Jan. 25 (UPI) -- Cases of seasonal viruses in northern California fell by roughly two-thirds in the spring and early summer of 2020 compared with years past, even as the COVID-19 pandemic raged through the region, a study published Monday by JAMA Network Open found.
Just under 10% of nose and throat samples tested for bugs such as the flu, as well as coronavirus and rhinovirus, the viruses behind the common cold, came back positive during April, May and June 2020, the data showed.
During the same period in 2014 through 2019, just under 30% of collected samples tested positive for these viruses.
Stay-at-home orders instituted in the region last spring due to the COVID-19 pandemic most likely contributed to the decline, researchers said.
"The data are clear and not surprising, [because] public health measures like shelter-in-place, frequent hand washing, respiratory etiquette, including masking, and social distancing prevent the spread of respiratory viruses," study co-author Dr. Elizabeth Partridge told UPI.

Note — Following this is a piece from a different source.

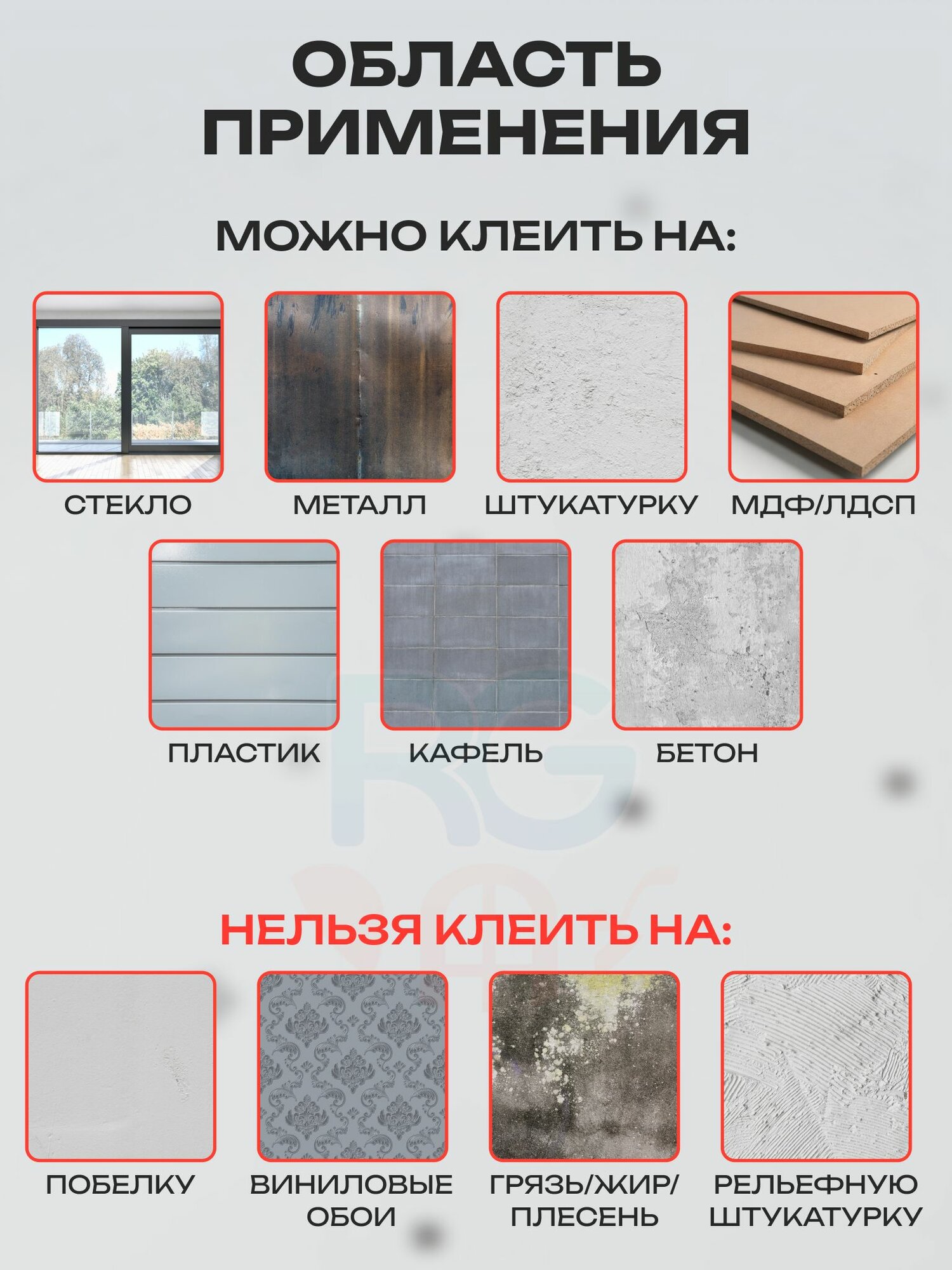 | Особенности | водостойкие / износостойкие / моющиеся |
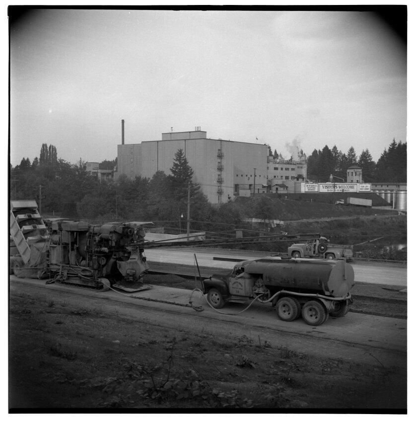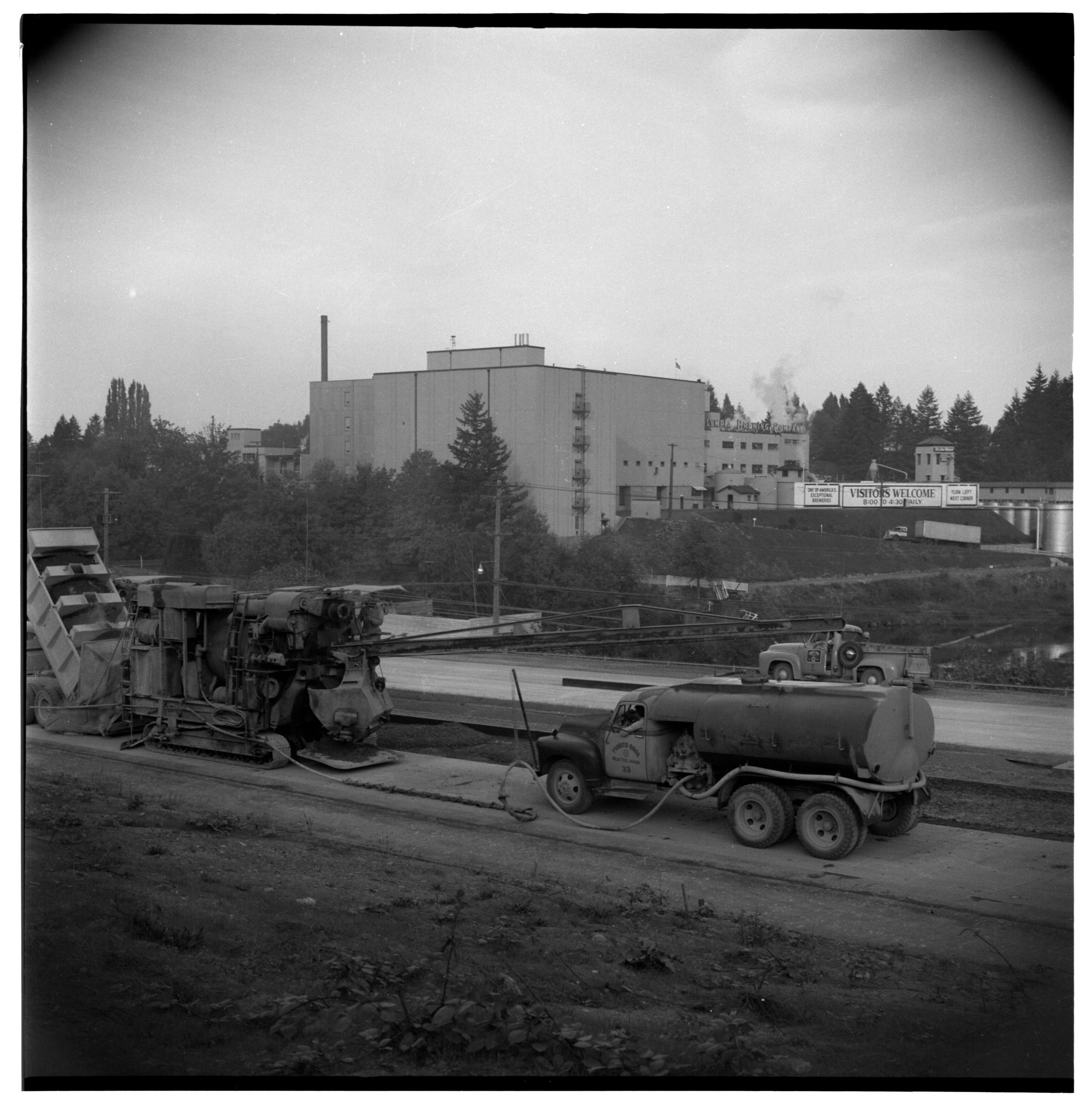Negative, sheet film. 2 x 2 b&w. Building Interstate 5 freeway around milepost 102, Tumwater.

"We know what to do to curb the spread of [COVID-19], [and] we need the support of government, community leaders and the personal commitment of our citizens to practice these public health strategies," said Partridge, an assistant clinical professor of infectious diseases at the University of California-Davis.
There have been "lower-than-usual" numbers of flu cases nationally so far this winter, with just 136 people across the country hospitalized due to the seasonal virus through Jan. 16, according to the U.S. Centers for Disease Control and Prevention.
That figure typically numbers in the tens of thousands, and is likely down because measures taken to reduce the spread of COVID-19 also help contain the flu and other seasonal viruses, experts have said.
For this study, Partridge and her colleagues analyzed data on more than 46,000 samples collected for viral testing between 2014 and 2020.
From March 25 through July 31, 2020, 9.9% of samples tested came back positive for seasonal respiratory viruses, down from 29.9% during the previous five years, the data showed.
However, 30.4% of samples tested between Jan. 1 and March 24, 2020 -- or prior to the implementation of COVID-19 control measures -- came back positive, down slightly from the 33.7% of prior years, the researchers said.
"These are lessons we already know but are brought into stark relief with the emergence of a novel respiratory virus: [that] these basic public health strategies can curb the spread of all organisms that are transmitted by droplets, including seasonal influenza," Partridge said.
"Perhaps after the pandemic, mask-wearing in public during the respiratory viral season will become routine in the U.S., as it is in many Asian countries," she said.